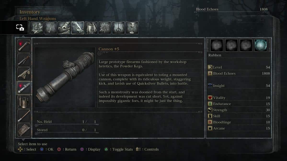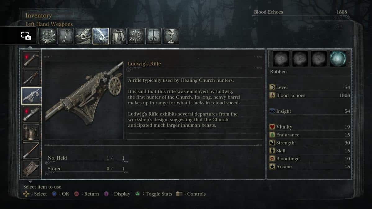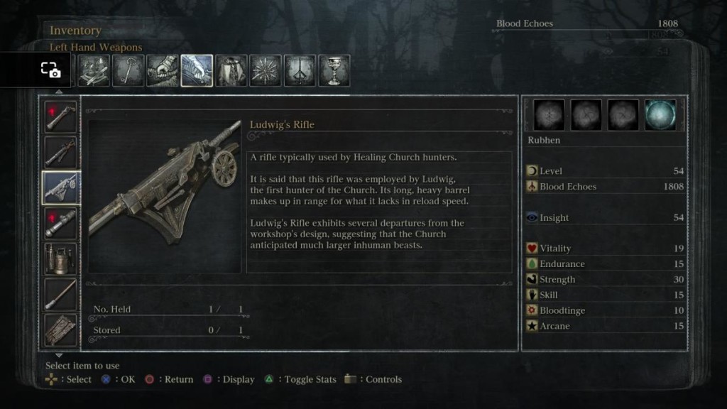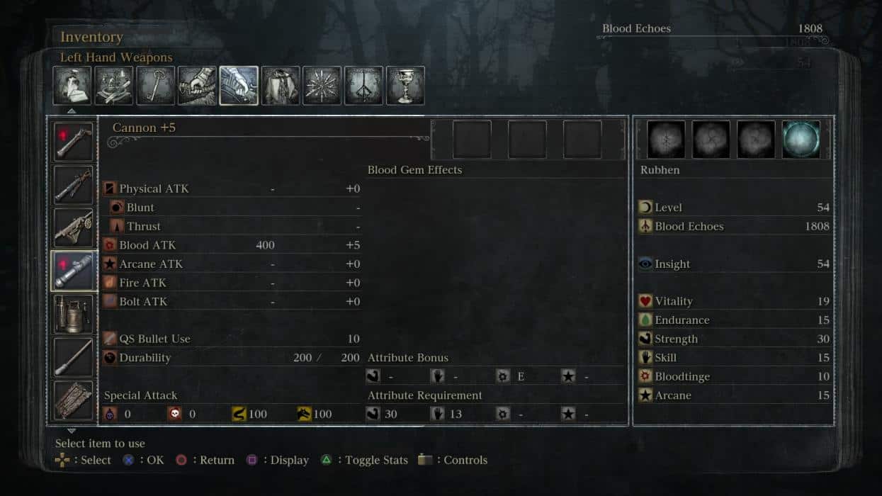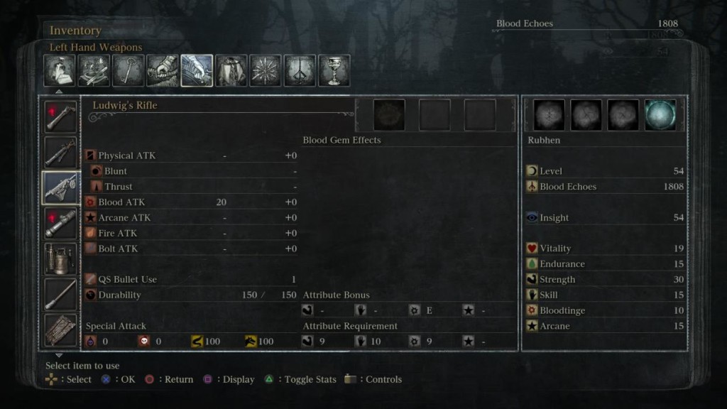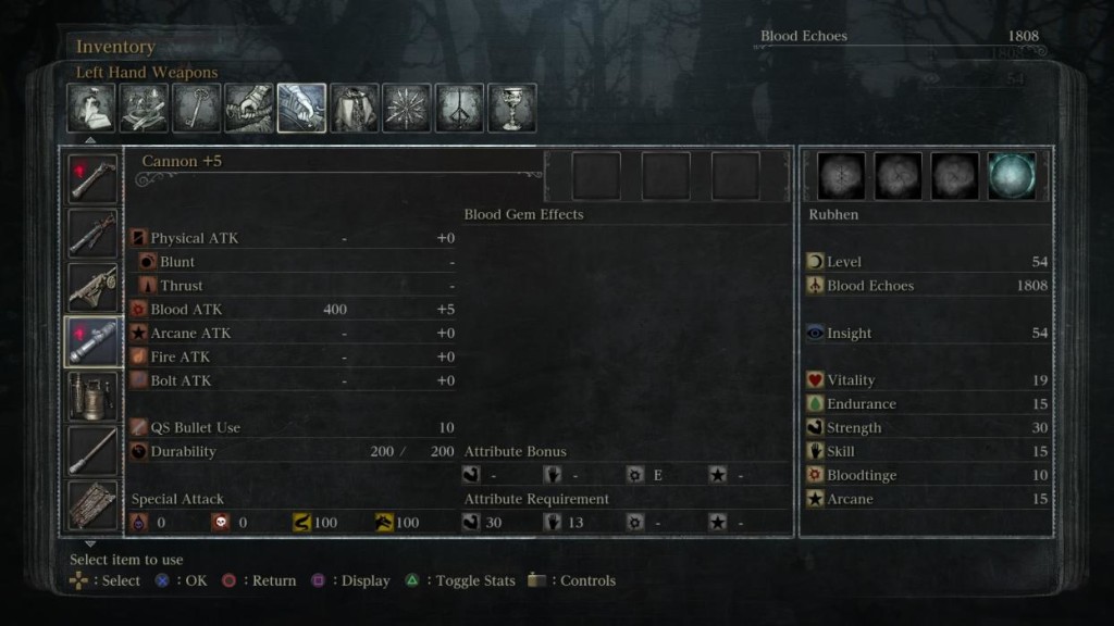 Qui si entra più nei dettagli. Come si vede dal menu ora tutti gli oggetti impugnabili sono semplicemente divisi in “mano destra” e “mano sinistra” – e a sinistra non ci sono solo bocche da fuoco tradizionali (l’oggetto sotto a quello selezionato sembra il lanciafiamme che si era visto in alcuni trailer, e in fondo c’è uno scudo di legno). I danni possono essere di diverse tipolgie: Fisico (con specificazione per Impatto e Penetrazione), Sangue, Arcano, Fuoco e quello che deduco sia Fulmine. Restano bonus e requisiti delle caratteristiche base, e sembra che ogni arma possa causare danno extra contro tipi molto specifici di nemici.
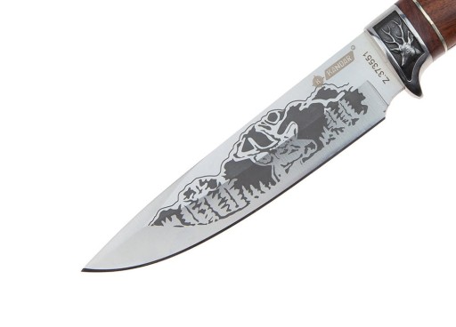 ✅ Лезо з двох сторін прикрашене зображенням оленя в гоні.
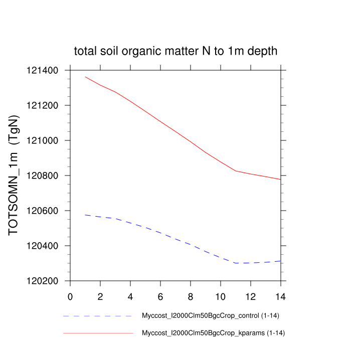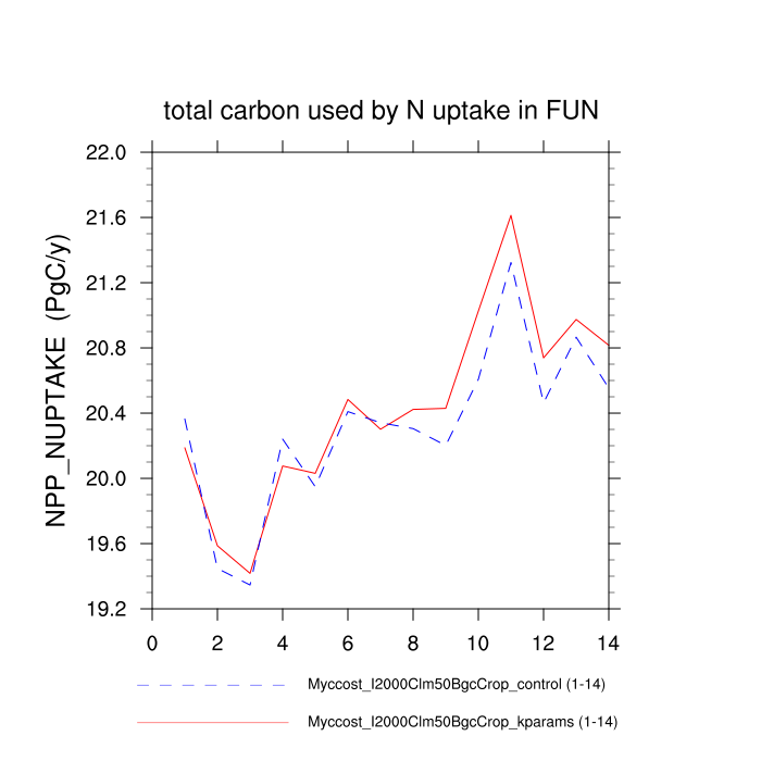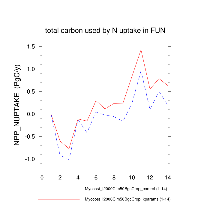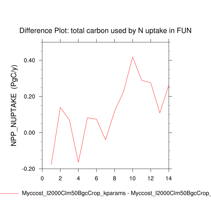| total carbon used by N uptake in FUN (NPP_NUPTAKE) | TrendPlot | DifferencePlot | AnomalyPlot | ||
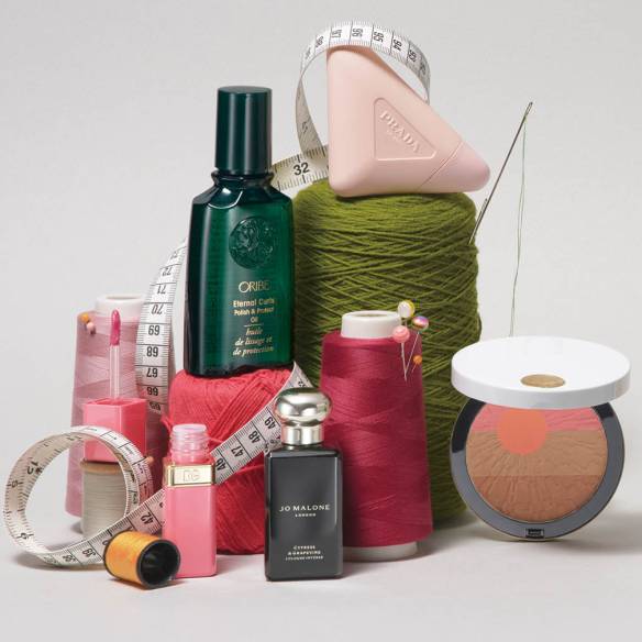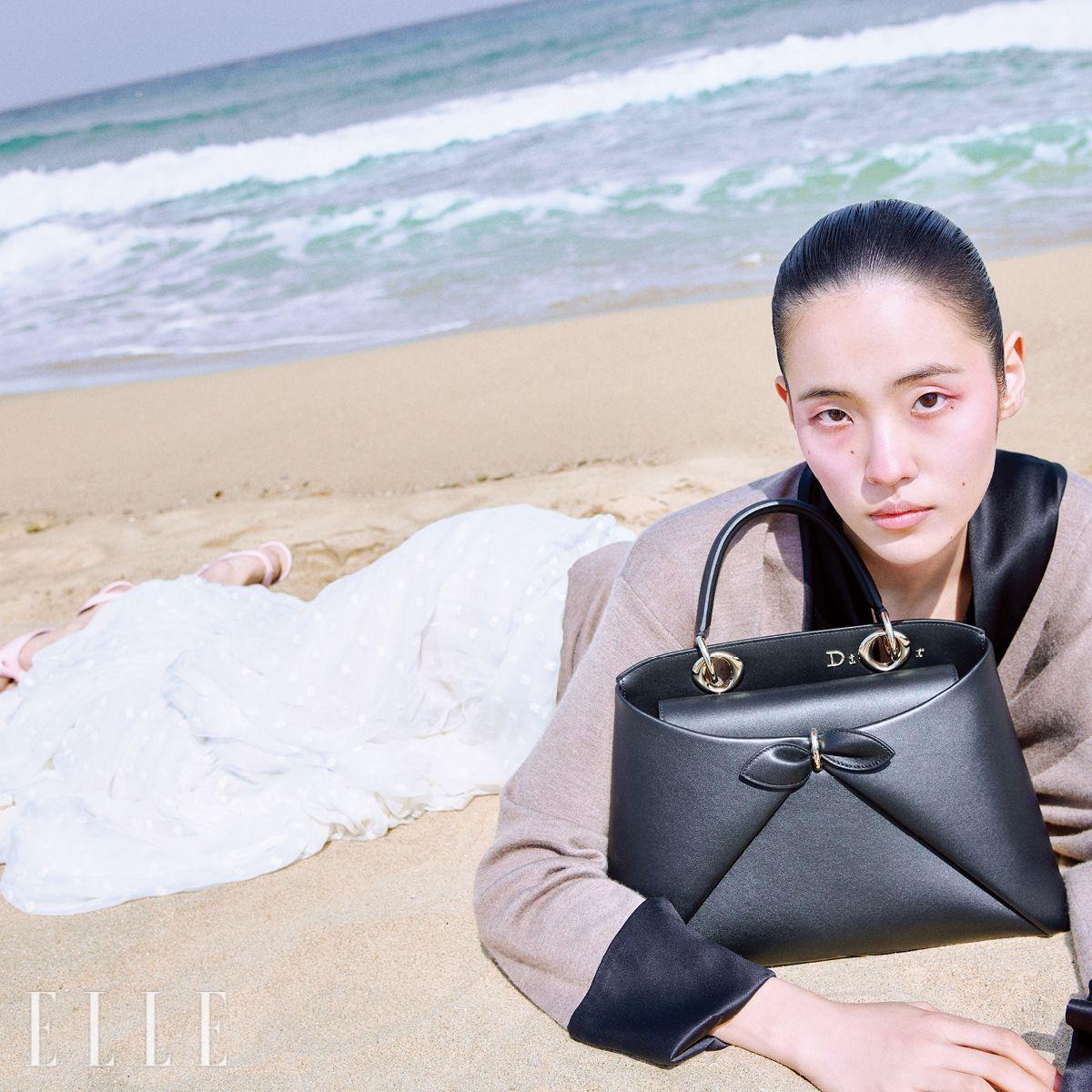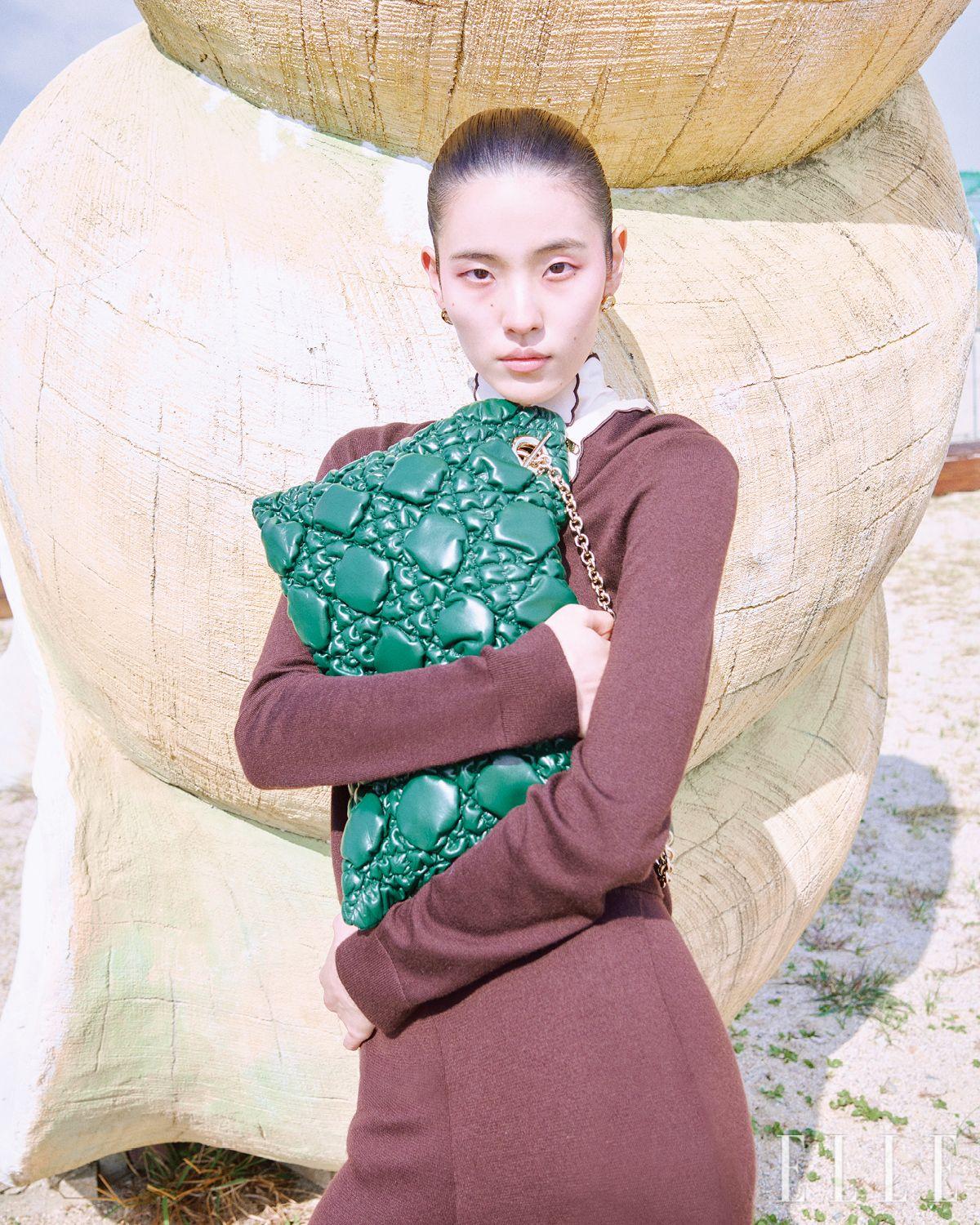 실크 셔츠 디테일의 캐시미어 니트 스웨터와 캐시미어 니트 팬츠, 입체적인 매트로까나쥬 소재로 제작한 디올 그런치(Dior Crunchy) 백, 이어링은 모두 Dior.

What this task involves: Omit the pictures. Transcribe word for word the lines from the one containing "AnomalyPlot | ||" through the end of the listing, inclusive.

Output of the exercise:
| total carbon used by N uptake in FUN (NPP_NUPTAKE) | TrendPlot | DifferencePlot | AnomalyPlot | ||
 실크 셔츠 디테일의 캐시미어 니트 스웨터와 캐시미어 니트 팬츠, 입체적인 매트로까나쥬 소재로 제작한 디올 그런치(Dior Crunchy) 백, 이어링은 모두 Dior.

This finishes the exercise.